Breaking his promise to lawmakers could make them angry but he hoped they will continue to back his proposals, Jindal said Monday. “They’ve got a right to be angry with me,” he said. “I made a mistake in telling them I’d stay out of it.”
The bill by Democratic senator Ann Duplessis would have raised Louisiana lawmakers’ annual base pay from $16,800 to $37,500, making them the highest-paid in southern US and the 14th highest-paid in the country, according to data from the National Conference of State Legislatures. The bill gained final approval in the House and Senate by slim margins
Jindal, who has been mentioned as a prospective running mate to Republican presidential candidate John McCain, became a daily target for stinging attacks from editorialists, talk radio callers and bloggers, many of whom questioned whether the governor was being pushed around by the legislature.

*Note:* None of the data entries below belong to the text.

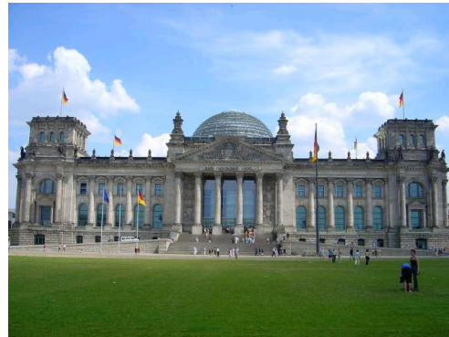
BERLIN - REICHSTAG
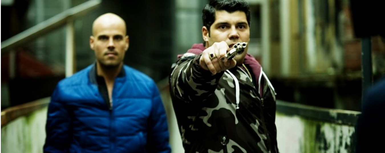
Gomorra the series.

“Sono molto felice di questa collaborazione con ITTV Festival”, il commento di Sannelli , “perché quest’anno il Kinéo ha cambiato veste e si chiamerà ‘Kinéo New Generation’ proprio per la sua capacità di rinnovarsi restando sempre al passo con i tempi. È importante creare una forte sinergia tra il mondo cinematografico e quello televisivo, soprattutto con l’avvento delle piattaforme streaming nazionali ed internazionali che hanno reso universale questo settore, rendendolo ancora più ricco, seppur il grande schermo resta sempre molto affascinante”.
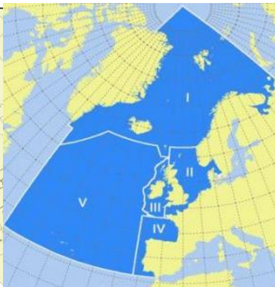
Schéma 5 : Mers subrégionales OSPAR
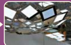
山形大学有機エレクトロニクスイノベーションセンター
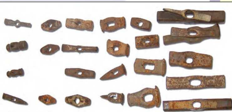
Collezione OMG, Martelli.

GRANDI PROMESSE: Quando mi hai conosciuto, mi hai cantato: «Un'ora sola ti vorrei...» Quando mi hai chiesto di uscire, mi hai cantato: «Un'ora sola ti vorrei...» Al nostro primo appuntamento, mi hai cantato: «Un'ora solo ti vorrei...» E allora, perché, quando finalmente te l'ho data, sei durato solo tre minuti?
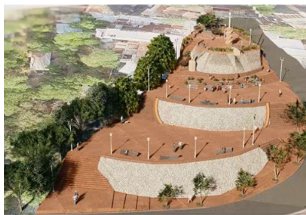
Vista Aérea Loma de Bolívar.
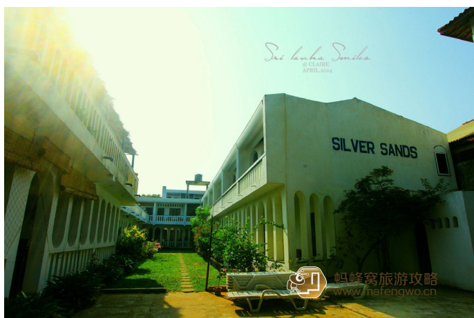
Hotel Silver Sands

这个酒店位于沙滩边，又便宜又好，房间整洁，还有蚊帐。酒店房型很多，不同房型，不同季节价格都不同。

Critics had also noted that Jindal made campaign promises last year to “prohibit” lawmakers from approving such a pay raise for themselves.
Two recall petitions had been filed against the governor. Others targeted fellow Republican House Speaker Jim Tucker, one of the governor’s top committee chairmen, Representative Hunter Greene, R-Baton Rouge; and a handful of other House Republicans.
Forcing a recall election against Jindal would have required petition signatures from one-third of Louisiana’s registered voters – more than 900,000 people – within 180 days of the petition’s filing.
Analysts said there was little chance of the recall petition succeeding, but it did dent the young governor’s reformist image.
Those who organised the recall for Tucker called off the petition Monday, while a July 7 rally to get Jindal to veto the bill has been called off as well.